**TO DO**
With the pictures left out, restate exactly the part below that opens with the line containing "All the countries" and closes with the line containing "Noor Ruby German Silver Earrings".

**RECORDS FOR THIS TASK**

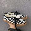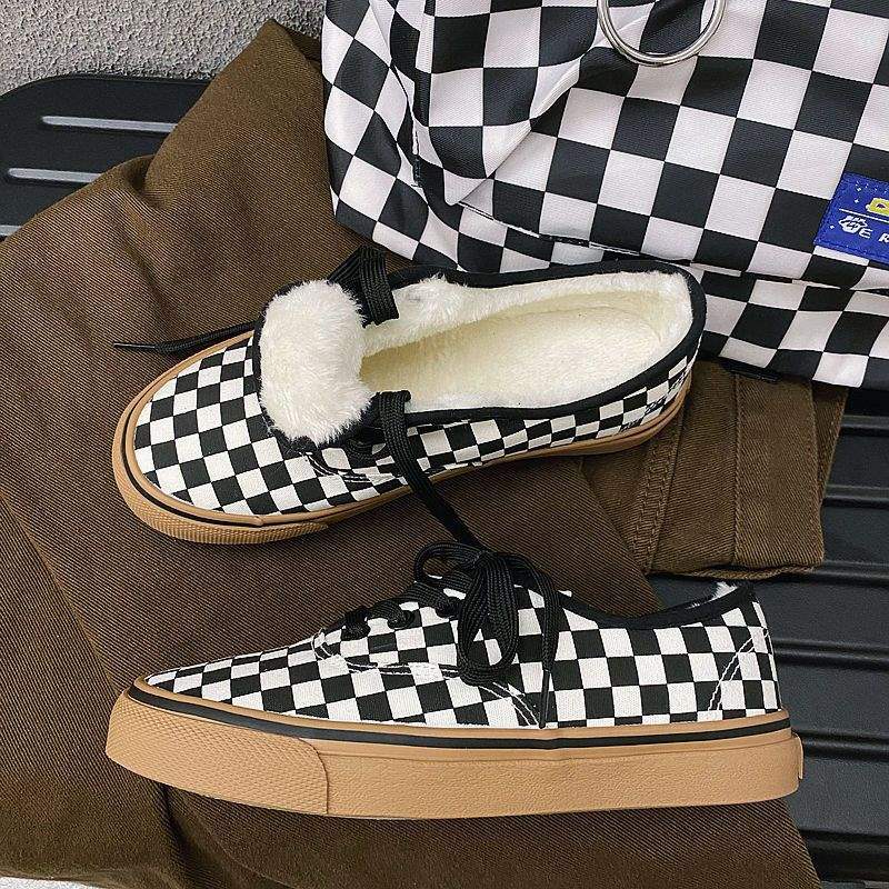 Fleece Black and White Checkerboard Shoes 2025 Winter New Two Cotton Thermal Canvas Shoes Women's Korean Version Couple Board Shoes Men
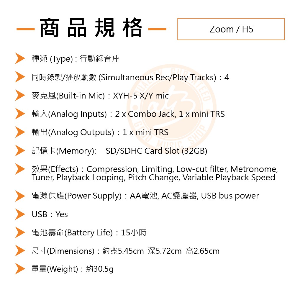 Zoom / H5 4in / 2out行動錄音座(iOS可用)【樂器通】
==
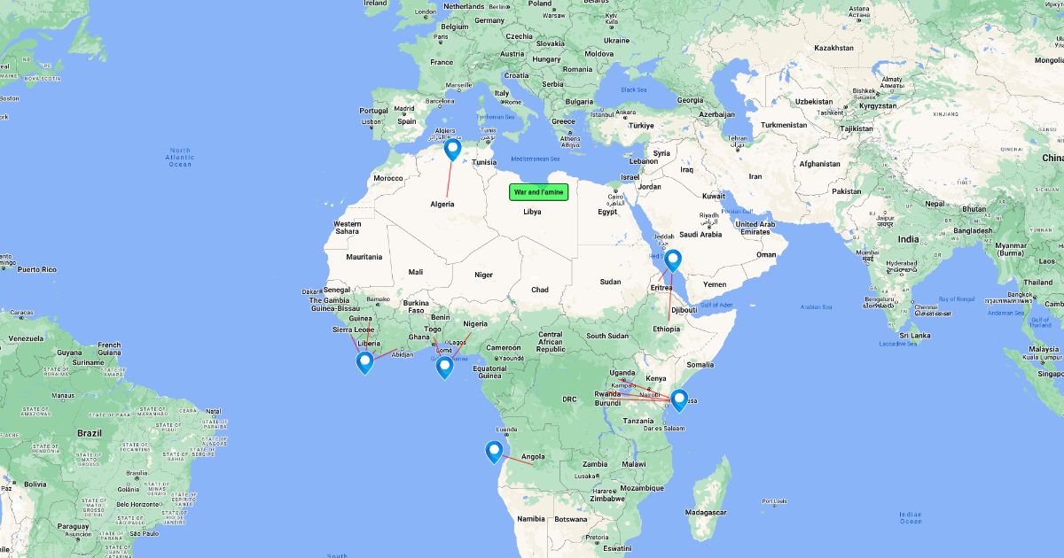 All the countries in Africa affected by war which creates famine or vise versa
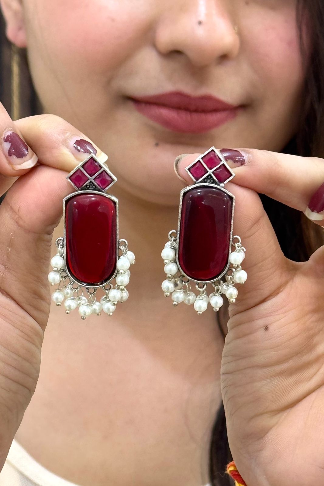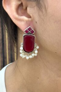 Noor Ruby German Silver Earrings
* * *
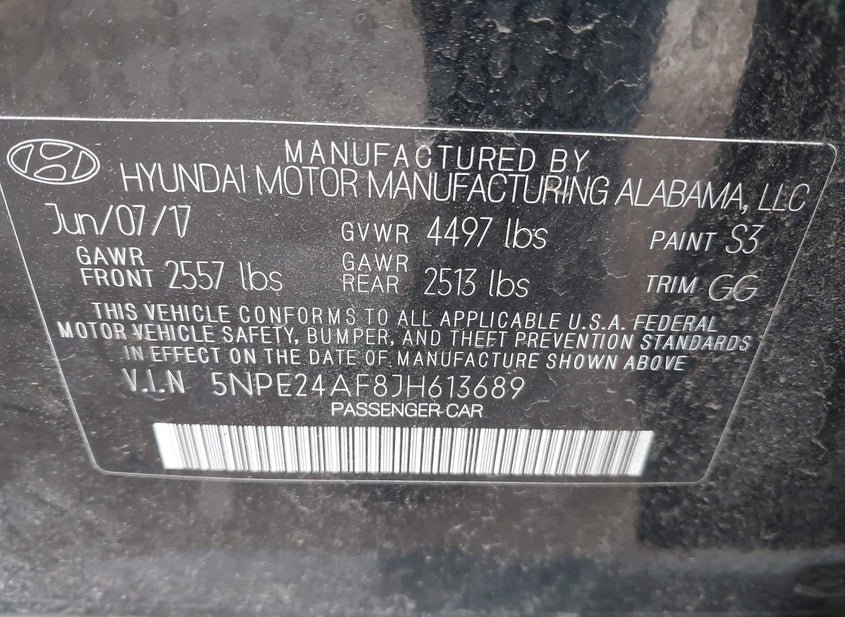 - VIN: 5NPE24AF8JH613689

**ANSWER TO THIS TASK**
 All the countries in Africa affected by war which creates famine or vise versa
 Noor Ruby German Silver Earrings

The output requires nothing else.